At this week’s G20 Summit in Seoul, leaders of the top twenty economies are expected to confirm their commitment to implementing the United Nations Convention Against Corruption. The Convention deals in large part with measures to prevent money laundering and requires signatory countries to:
- Implement a comprehensive regulatory regime for banks and other entities to deter and detect all forms of money laundering.
- Ensure that domestic laws allow enforcement agencies to cooperate and exchange information with national and international counterparts.
- Implement measures to detect and monitor the movement of cash and negotiable instruments across borders without impeding the capital market system.
- Require financial institutions to record meaningful information for all electronic funds transfers throughout the payment chain.

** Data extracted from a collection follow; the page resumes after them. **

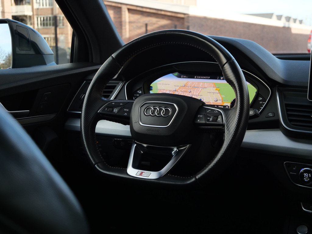 U merkt het aan de look and feel van deze auto: dit is kwaliteit. De Audi Q5 is ontworpen volgens de Duitse opvattingen van kwaliteit en degelijkheid, maar biedt tegelijk een hoge mate van comfort en uitstekende rijkwaliteiten. Een beetje meer aandacht en een stoere uitstraling? Daar zorgt de S-Line styling voor. Een viercilinder benzinemotor en een automatische transmissie zorgen voor de uitstekende prestaties van deze auto. Op zelfs de koudste ochtend biedt de stoelverwarming een heerlijk welkom. De elektrische achterklep opent met een druk op de knop, zodat u gemakkelijk toegang heeft tot de bagageruimte. In deze auto profiteert u onder andere ook van: 20 inch lichtmetalen velgen, LED koplampen, sportonderstel, adaptief dempingsysteem, warmtewerend glas en in delen neerklapbare achterbank.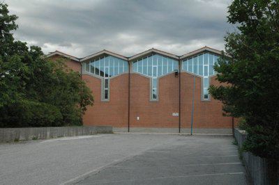 Edificio situato all'interno dell'abitato di Prosecco. Fa parte di un complesso edilizio posto all'interno di un lotto definito e delimitato da un recinto con ampio giardino, un parcheggio retrostante e un piazzale utilizzato per le attività sportive. Sviluppo planimetrico con forma ad "U" composto da un corpo centrale su due livelli fuori terra e da due ali laterali su un livello. Struttura portante in cemento armato con solai in laterocemento. I prospetti esterni presentano un basamento in cemento e un rivestimento superficiale in mattoni faccia a vista. Aperture distribuite in modo regolare. finestre dei corpi laterali di forma rettangolare e a nastro con doppia anta, infisso e avvolgibile in legno. finestre del corpo principale con forma particolare che segue l'inclinazione delle falde di copertura e telaio in alluminio anodizzato composto da nove elementi rettangolari a sviluppo verticale con apertura centrale. Gli ingressi principali si aprono sui corpi laterali dell'edificio e presentano un'ampia vetratura modulare con telaio in alluminio. In prossimità è situato un elemento in cemento sporgente rispetto alla facciata e decorato sulla superficie con bassorilievi a motivi geometrici. Copertura a spioventi con rivestimento in coppi curvi rossi. Le grondaie e i pluviali, esterni rispetto alla muratura, sono in lamiera verniciata.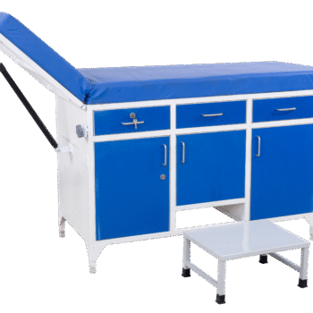 Provision for IV Pole, fitted with drainage bag holder.

- Promote global cooperation to combat money laundering.
- Designate as a criminal offence, the possession of proceeds of crime, the attempt to commit, aid or abet money laundering, and the conversion or transfer of property knowing it is proceeds of crime.

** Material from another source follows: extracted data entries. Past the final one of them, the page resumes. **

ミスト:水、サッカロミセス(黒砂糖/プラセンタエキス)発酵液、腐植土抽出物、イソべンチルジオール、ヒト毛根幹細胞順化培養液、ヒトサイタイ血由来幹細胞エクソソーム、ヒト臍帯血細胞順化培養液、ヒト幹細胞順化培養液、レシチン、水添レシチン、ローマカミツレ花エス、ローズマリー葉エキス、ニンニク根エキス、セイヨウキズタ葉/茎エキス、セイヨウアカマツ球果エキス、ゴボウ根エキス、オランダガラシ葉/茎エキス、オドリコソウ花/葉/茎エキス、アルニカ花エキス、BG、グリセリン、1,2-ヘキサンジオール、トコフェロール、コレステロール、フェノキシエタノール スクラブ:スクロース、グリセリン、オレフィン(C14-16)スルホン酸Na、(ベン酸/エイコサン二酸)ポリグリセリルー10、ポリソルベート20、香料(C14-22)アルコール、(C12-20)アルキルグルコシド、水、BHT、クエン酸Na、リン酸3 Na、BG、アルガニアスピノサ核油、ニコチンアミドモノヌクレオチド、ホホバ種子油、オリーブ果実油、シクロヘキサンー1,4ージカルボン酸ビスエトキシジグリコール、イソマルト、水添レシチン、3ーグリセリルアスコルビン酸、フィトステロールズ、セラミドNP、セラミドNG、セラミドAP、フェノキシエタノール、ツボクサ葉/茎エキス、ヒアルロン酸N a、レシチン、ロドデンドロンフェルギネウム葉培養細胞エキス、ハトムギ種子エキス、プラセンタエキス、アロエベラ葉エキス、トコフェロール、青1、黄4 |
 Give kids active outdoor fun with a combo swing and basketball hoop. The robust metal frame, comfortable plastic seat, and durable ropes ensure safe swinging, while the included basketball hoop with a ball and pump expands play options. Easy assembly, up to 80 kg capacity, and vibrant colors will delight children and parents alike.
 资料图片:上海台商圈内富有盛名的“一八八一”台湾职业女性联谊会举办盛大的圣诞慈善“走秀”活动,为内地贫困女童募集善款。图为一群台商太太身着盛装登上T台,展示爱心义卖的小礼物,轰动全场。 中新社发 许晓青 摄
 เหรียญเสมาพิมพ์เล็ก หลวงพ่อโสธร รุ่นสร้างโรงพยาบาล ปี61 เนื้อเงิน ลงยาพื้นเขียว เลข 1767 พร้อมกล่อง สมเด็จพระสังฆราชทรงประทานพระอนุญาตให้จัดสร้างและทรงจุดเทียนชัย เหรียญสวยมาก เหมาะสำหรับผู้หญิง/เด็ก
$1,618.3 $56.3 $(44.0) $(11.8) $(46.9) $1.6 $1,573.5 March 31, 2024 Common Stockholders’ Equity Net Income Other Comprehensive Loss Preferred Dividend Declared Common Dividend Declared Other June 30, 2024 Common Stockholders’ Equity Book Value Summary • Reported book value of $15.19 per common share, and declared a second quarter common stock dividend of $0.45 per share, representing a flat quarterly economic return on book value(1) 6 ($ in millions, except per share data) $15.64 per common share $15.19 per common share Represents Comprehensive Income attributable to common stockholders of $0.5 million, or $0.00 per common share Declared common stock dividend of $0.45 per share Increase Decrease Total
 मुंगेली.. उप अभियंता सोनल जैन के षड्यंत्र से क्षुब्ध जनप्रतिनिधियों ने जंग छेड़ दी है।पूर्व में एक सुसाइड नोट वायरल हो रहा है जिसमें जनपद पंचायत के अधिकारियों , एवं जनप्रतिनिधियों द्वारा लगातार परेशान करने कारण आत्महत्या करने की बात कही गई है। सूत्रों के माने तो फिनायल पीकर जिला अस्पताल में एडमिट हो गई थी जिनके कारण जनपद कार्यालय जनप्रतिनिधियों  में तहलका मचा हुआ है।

- Ensure that domestic criminal laws allow the knowledge, intent or purpose required to establish the elements of the offence of money laundering be capable of being inferred from facts.
- Ensure that the limitation period to prosecute money laundering offences is long or suspended.
- Facilitate the extradition of citizens or foreign nationals from signatory states to face money laundering charges or convictions abroad.
Several G20 nations, such as Germany, India, Japan and Saudi Arabia, are not Convention signatories and the discussion on enforcement mechanisms under the Convention may prove elusive.